### Exercise instructions
Restate the data below word for word, omitting pictures.

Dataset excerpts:
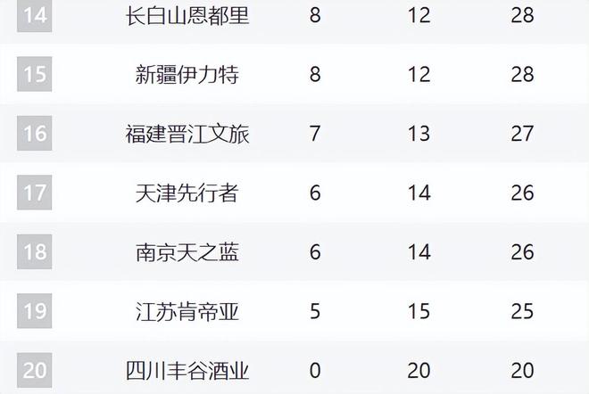 14-20分别是吉林、新疆、福建、天津、同曦、江苏和四川。吉林、福建和新疆这轮全部都输球了,特别是新疆好不容易崛起,这轮却最后时刻崩盘输给同曦。至于吉林和福建,相比于赛季初期,他们的排名还在持续下滑。天津现在已经三连败,同曦即便这轮取胜,但他们目前也就6胜,他们的状态需要巩固住。江苏最近状态非常好,10场赢了4场,可惜这轮输给了浙江。四川已经20连败。
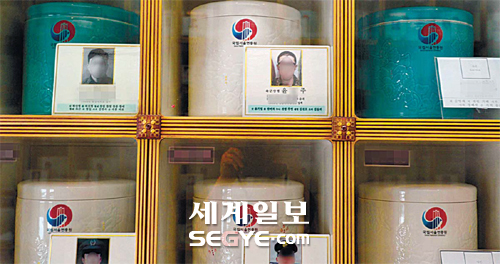 | 이제는 편안하길… 선임병들의 집단 구타 끝에 사망한 육군 28사단 윤모 일병의 위패(위쪽 가운데)가 7일 국립서울현충원 충원당에 안치돼 있다. 이재문 기자 |
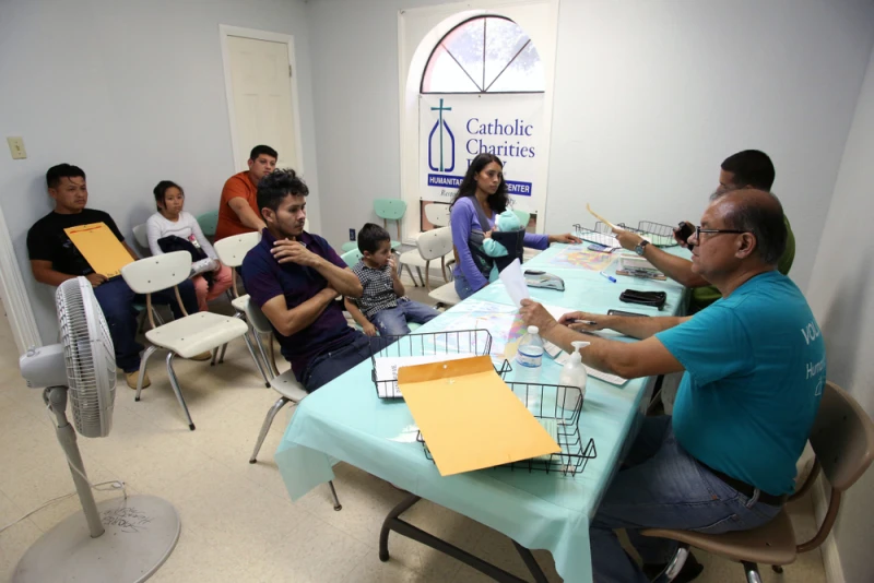 Volunteers at a Catholic Charities Humanitarian Respite Center help Central American refugees prepare to take a bus to go stay with U.S. family on Aug. 17, 2017, in McAllen, Texas. / Credit: Vic Hinterlang/Shutterstock
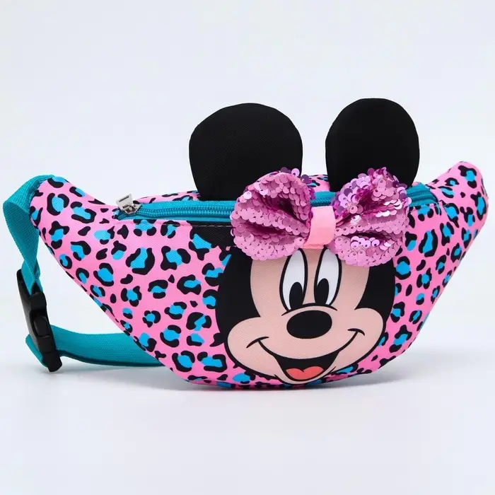 Сумка поясная детская для девочки, с ушками, 25×6×13 см, Минни Маус
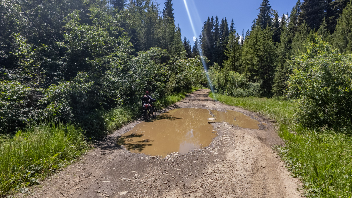 Der Weg war großartig, anstrengend, da bergauf und durch den Regen etwas schwierig zu fahren, aber er machte Spaß. Sorgen machte uns das angesagte Gewitter. Und tatsächlich oben auf dem Elk Pass krachte es mehrere Male ganz ordentlich. Da fuhren wir gleich noch ein bisschen schneller….
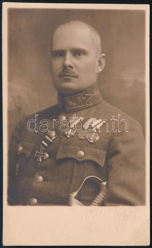 cca 1920-1930 Az I. világháborút megjárt magyar katonatiszt portréja, szablyával, német Vaskereszttel, ill. hazai kitüntetésekkel (Katonai Érdemkereszt III. osztálya hadidíszítménnyel és kardokkal, Károly-csapatkereszt, Katonai Jubileumi Kereszt); fotólap Ábrahám István miskolci műterméből, sarkán kis törésnyommal, 13,5x8 cm
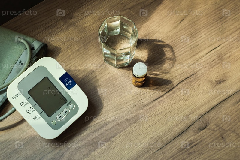 На коричневом деревянном столе стоят стакан воды, пузырек с таблетками и тонометр. Вид сверху. Концепция здоровья
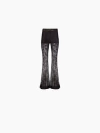 Emblematic of the Nina Ricci silhouette, Harris Reed reinterprets the suit every season. A new addition for the Autumn-Winter 2024 collection, these pants feature a flared cut and chantilly lace, revealing a play of transparency for a chic, tailored look. Paired with a matching lace jacket from the collection, they will enhance your silhouette with a touch of femininity. This style fits true to size. Take your regular size. COMPOSITION & DETAILS - 74% polyamide, 26% viscose. - Fitted cut. - Flared at bottom. - Transparent model. - Lined on top. - Model is 180 cm and wears a size 36 (FR). - Ref : 24ACPA016PA0492U9000
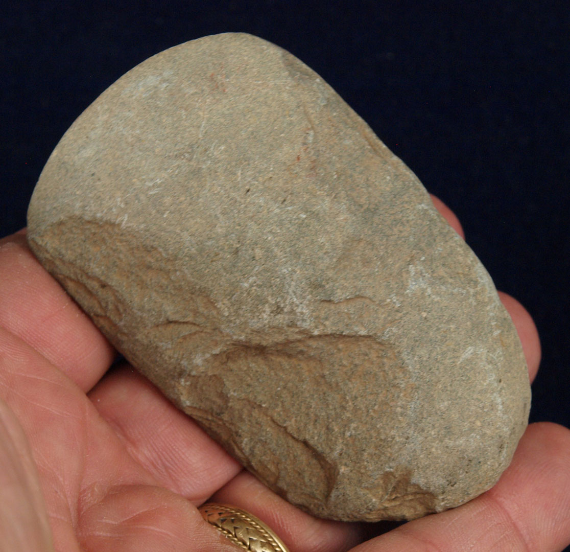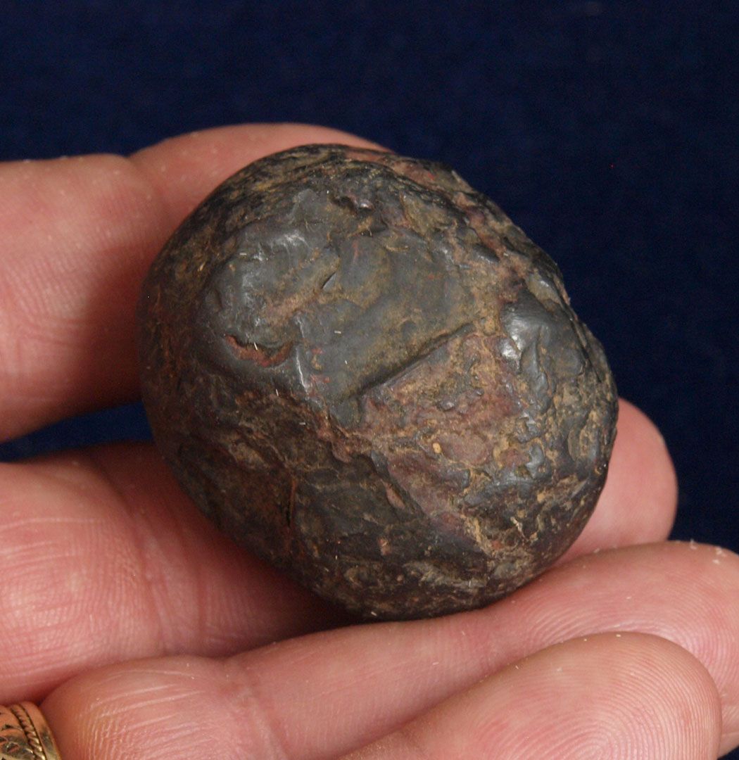 Description: Hematite Hammer Stone or preform - This Hammer Stone or preform has been pecked into the current shap and shows some signs of having been ground.  It was recovered in Lawrence County, Ohio sometime between 1940 and 1960.  Out of the H. Waddell Collection.  Ex- Monty and Jewdy Pennington

### Your response
 14-20分别是吉林、新疆、福建、天津、同曦、江苏和四川。吉林、福建和新疆这轮全部都输球了,特别是新疆好不容易崛起,这轮却最后时刻崩盘输给同曦。至于吉林和福建,相比于赛季初期,他们的排名还在持续下滑。天津现在已经三连败,同曦即便这轮取胜,但他们目前也就6胜,他们的状态需要巩固住。江苏最近状态非常好,10场赢了4场,可惜这轮输给了浙江。四川已经20连败。
 | 이제는 편안하길… 선임병들의 집단 구타 끝에 사망한 육군 28사단 윤모 일병의 위패(위쪽 가운데)가 7일 국립서울현충원 충원당에 안치돼 있다. 이재문 기자 |
 Volunteers at a Catholic Charities Humanitarian Respite Center help Central American refugees prepare to take a bus to go stay with U.S. family on Aug. 17, 2017, in McAllen, Texas. / Credit: Vic Hinterlang/Shutterstock
 Сумка поясная детская для девочки, с ушками, 25×6×13 см, Минни Маус
 Der Weg war großartig, anstrengend, da bergauf und durch den Regen etwas schwierig zu fahren, aber er machte Spaß. Sorgen machte uns das angesagte Gewitter. Und tatsächlich oben auf dem Elk Pass krachte es mehrere Male ganz ordentlich. Da fuhren wir gleich noch ein bisschen schneller….
 cca 1920-1930 Az I. világháborút megjárt magyar katonatiszt portréja, szablyával, német Vaskereszttel, ill. hazai kitüntetésekkel (Katonai Érdemkereszt III. osztálya hadidíszítménnyel és kardokkal, Károly-csapatkereszt, Katonai Jubileumi Kereszt); fotólap Ábrahám István miskolci műterméből, sarkán kis törésnyommal, 13,5x8 cm
 На коричневом деревянном столе стоят стакан воды, пузырек с таблетками и тонометр. Вид сверху. Концепция здоровья
 Emblematic of the Nina Ricci silhouette, Harris Reed reinterprets the suit every season. A new addition for the Autumn-Winter 2024 collection, these pants feature a flared cut and chantilly lace, revealing a play of transparency for a chic, tailored look. Paired with a matching lace jacket from the collection, they will enhance your silhouette with a touch of femininity. This style fits true to size. Take your regular size. COMPOSITION & DETAILS - 74% polyamide, 26% viscose. - Fitted cut. - Flared at bottom. - Transparent model. - Lined on top. - Model is 180 cm and wears a size 36 (FR). - Ref : 24ACPA016PA0492U9000
 Description: Hematite Hammer Stone or preform - This Hammer Stone or preform has been pecked into the current shap and shows some signs of having been ground.  It was recovered in Lawrence County, Ohio sometime between 1940 and 1960.  Out of the H. Waddell Collection.  Ex- Monty and Jewdy Pennington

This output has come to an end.